**Your goal**
Each record that follows is to be reproduced character for character, pictures excepted.

====================

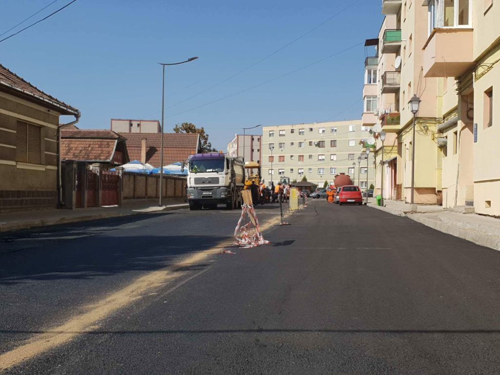 Lucrările începute în luna mai, s-au finalizat joi, când s-a turnat covorul asfaltic ( stratul de uzură) pe întreaga suprafață.
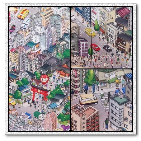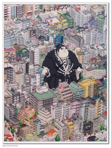 整副圖畫用漫畫的筆觸,作者功力超強,整個街景的立體度和透視度很明確,也表現出詼諧的感覺.
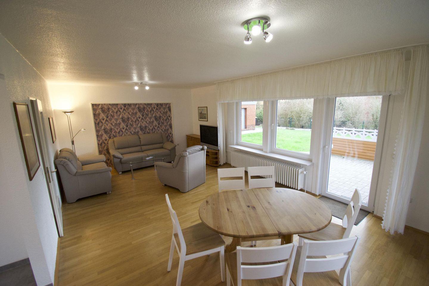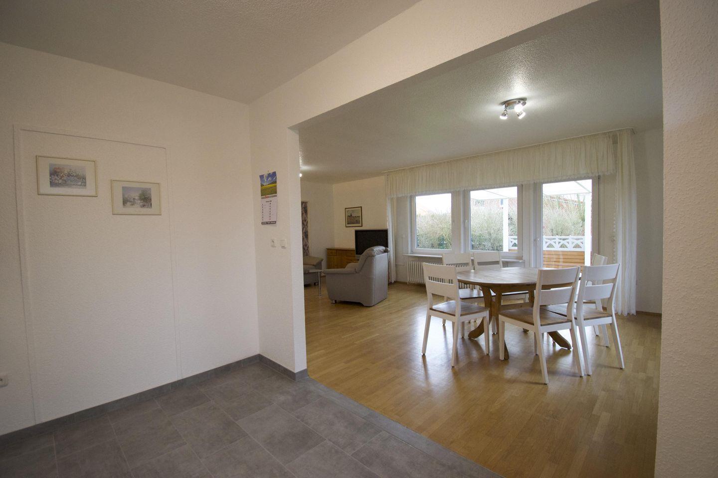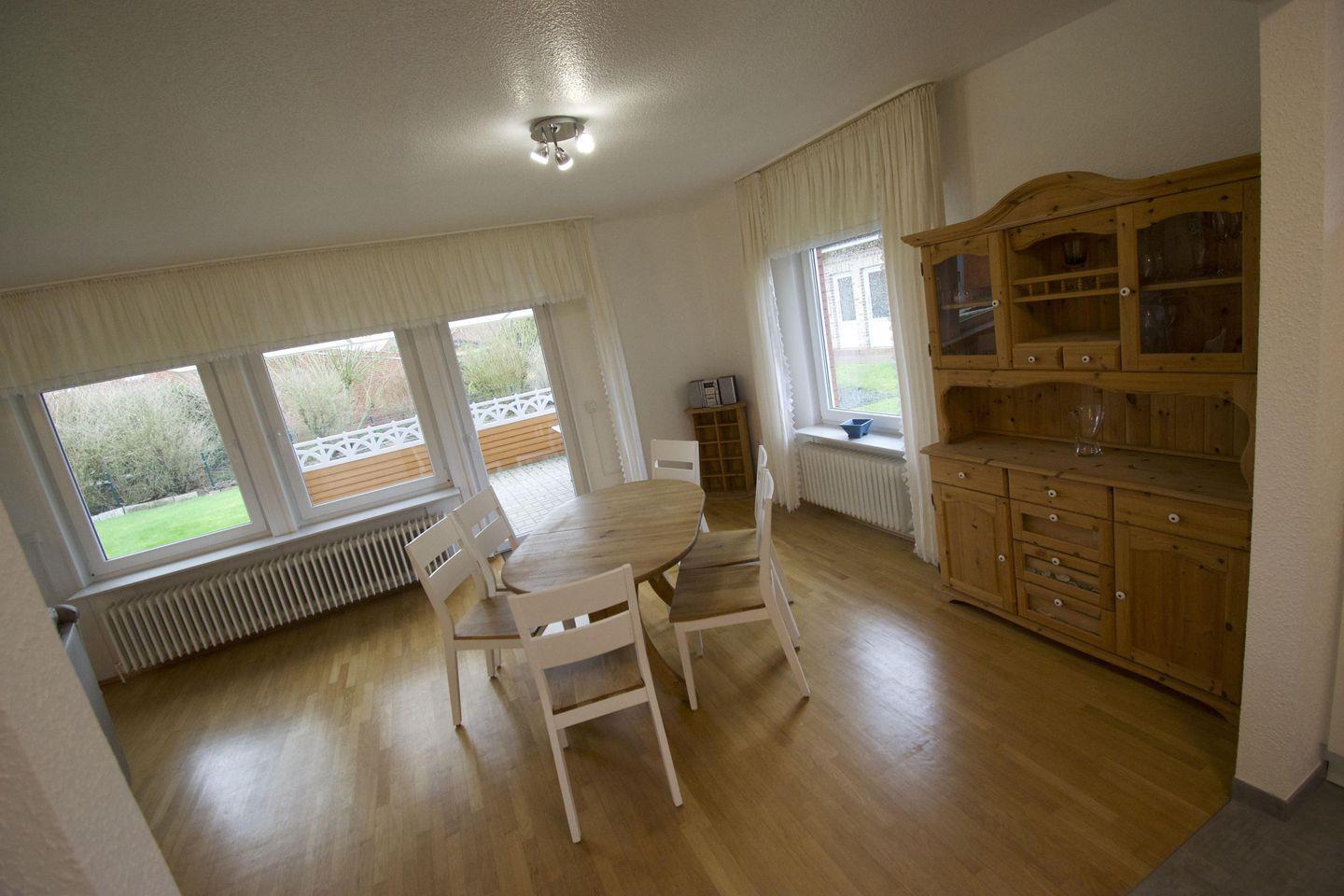 Das Ferienhaus zeichnet sich durch einen gepflegten Gartenbereich mit Terrasse aus, die mit Gartenmöbeln, Sonnenliegen, Sonnenschirm, Windschutz, Markise und genügend Sonnenschutz ausgestattet ist. Eine Liegewiese bietet zusätzlichen Raum zum Verweilen oder Spielen. In sonniger Umgebung können Sie die frische Nordseeluft genießen. Für Gäste, die mit Haustieren anreisen, sind bis zu zwei Tiere herzlich willkommen.
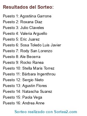 Resultados del sorteo:
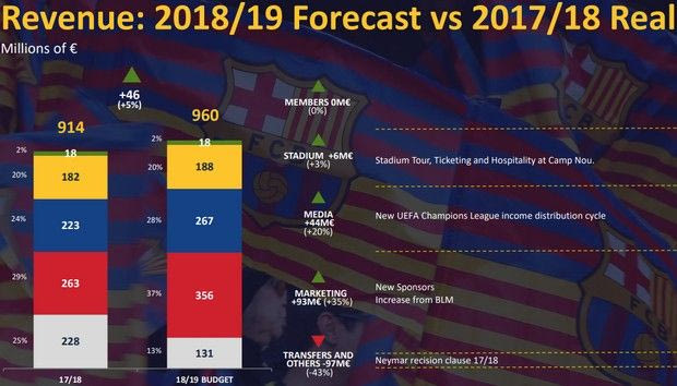 Ακόμα κι έτσι, τη νέα χρονιά οι άνθρωποι της Μπαρτσελόνα έχουν προϋπολογίσει νέα κερδοφορία, αφού προσβλέπουν σε 960.000.000 ευρώ έσοδα, με σημαντική αύξηση 20% στα δικαιώματα προβολής λόγω της νέας, βελτιωμένης συμφωνίας της UEFA για τον κύκλο 2018-2021 του Champions League. Επιπροσθέτως, υπολογίζεται ραγδαία αύξηση των εμπορικών εσόδων κατά 35%, εξαιτίας της νεοσύστατης Barça Licensing and Merchandising, της εταιρίας που διαχειρίζεται πλέον τα εμπορικά δικαιώματα του συλλόγου.
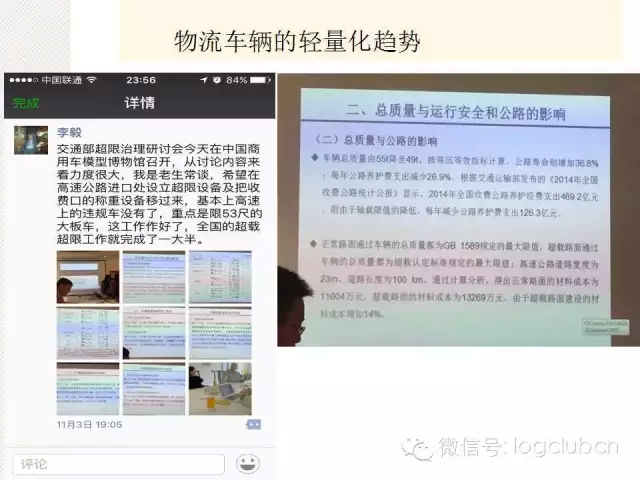這個(gè)圖片我做的比較匆忙,左邊的圖片我相信有很多朋友可能也有他的微信,交通部超限治理研討會于11月1日在上海這邊召開,會議內(nèi)指出原來我們整個(gè)超載這塊,包括GB1589本身出來以后,實(shí)際在執(zhí)行的還是比較松,該超載超載,該超限超限。但實(shí)際上這個(gè)會議上非常清楚地提到了一點(diǎn),車輛的總質(zhì)量由55噸下降到49噸,整個(gè)從國家利益上來說,整個(gè)他們在基礎(chǔ)的公路養(yǎng)護(hù)成本這一塊就下降了120幾個(gè)億,當(dāng)然這只是一個(gè)毛估的數(shù)字。從安全性能來說,幾個(gè)大的物流公司也發(fā)生過幾起事件,像自燃,車禍,雖然有一臺兩臺車,但是對這幾家公司影響還是比較大。就車輛安全性角度上來說,也是把超限、超載這塊提上了日程的原因。

====================

**Response area**
 Lucrările începute în luna mai, s-au finalizat joi, când s-a turnat covorul asfaltic ( stratul de uzură) pe întreaga suprafață.
 整副圖畫用漫畫的筆觸,作者功力超強,整個街景的立體度和透視度很明確,也表現出詼諧的感覺.
 Das Ferienhaus zeichnet sich durch einen gepflegten Gartenbereich mit Terrasse aus, die mit Gartenmöbeln, Sonnenliegen, Sonnenschirm, Windschutz, Markise und genügend Sonnenschutz ausgestattet ist. Eine Liegewiese bietet zusätzlichen Raum zum Verweilen oder Spielen. In sonniger Umgebung können Sie die frische Nordseeluft genießen. Für Gäste, die mit Haustieren anreisen, sind bis zu zwei Tiere herzlich willkommen.
 Resultados del sorteo:
 Ακόμα κι έτσι, τη νέα χρονιά οι άνθρωποι της Μπαρτσελόνα έχουν προϋπολογίσει νέα κερδοφορία, αφού προσβλέπουν σε 960.000.000 ευρώ έσοδα, με σημαντική αύξηση 20% στα δικαιώματα προβολής λόγω της νέας, βελτιωμένης συμφωνίας της UEFA για τον κύκλο 2018-2021 του Champions League. Επιπροσθέτως, υπολογίζεται ραγδαία αύξηση των εμπορικών εσόδων κατά 35%, εξαιτίας της νεοσύστατης Barça Licensing and Merchandising, της εταιρίας που διαχειρίζεται πλέον τα εμπορικά δικαιώματα του συλλόγου.
這個(gè)圖片我做的比較匆忙,左邊的圖片我相信有很多朋友可能也有他的微信,交通部超限治理研討會于11月1日在上海這邊召開,會議內(nèi)指出原來我們整個(gè)超載這塊,包括GB1589本身出來以后,實(shí)際在執(zhí)行的還是比較松,該超載超載,該超限超限。但實(shí)際上這個(gè)會議上非常清楚地提到了一點(diǎn),車輛的總質(zhì)量由55噸下降到49噸,整個(gè)從國家利益上來說,整個(gè)他們在基礎(chǔ)的公路養(yǎng)護(hù)成本這一塊就下降了120幾個(gè)億,當(dāng)然這只是一個(gè)毛估的數(shù)字。從安全性能來說,幾個(gè)大的物流公司也發(fā)生過幾起事件,像自燃,車禍,雖然有一臺兩臺車,但是對這幾家公司影響還是比較大。就車輛安全性角度上來說,也是把超限、超載這塊提上了日程的原因。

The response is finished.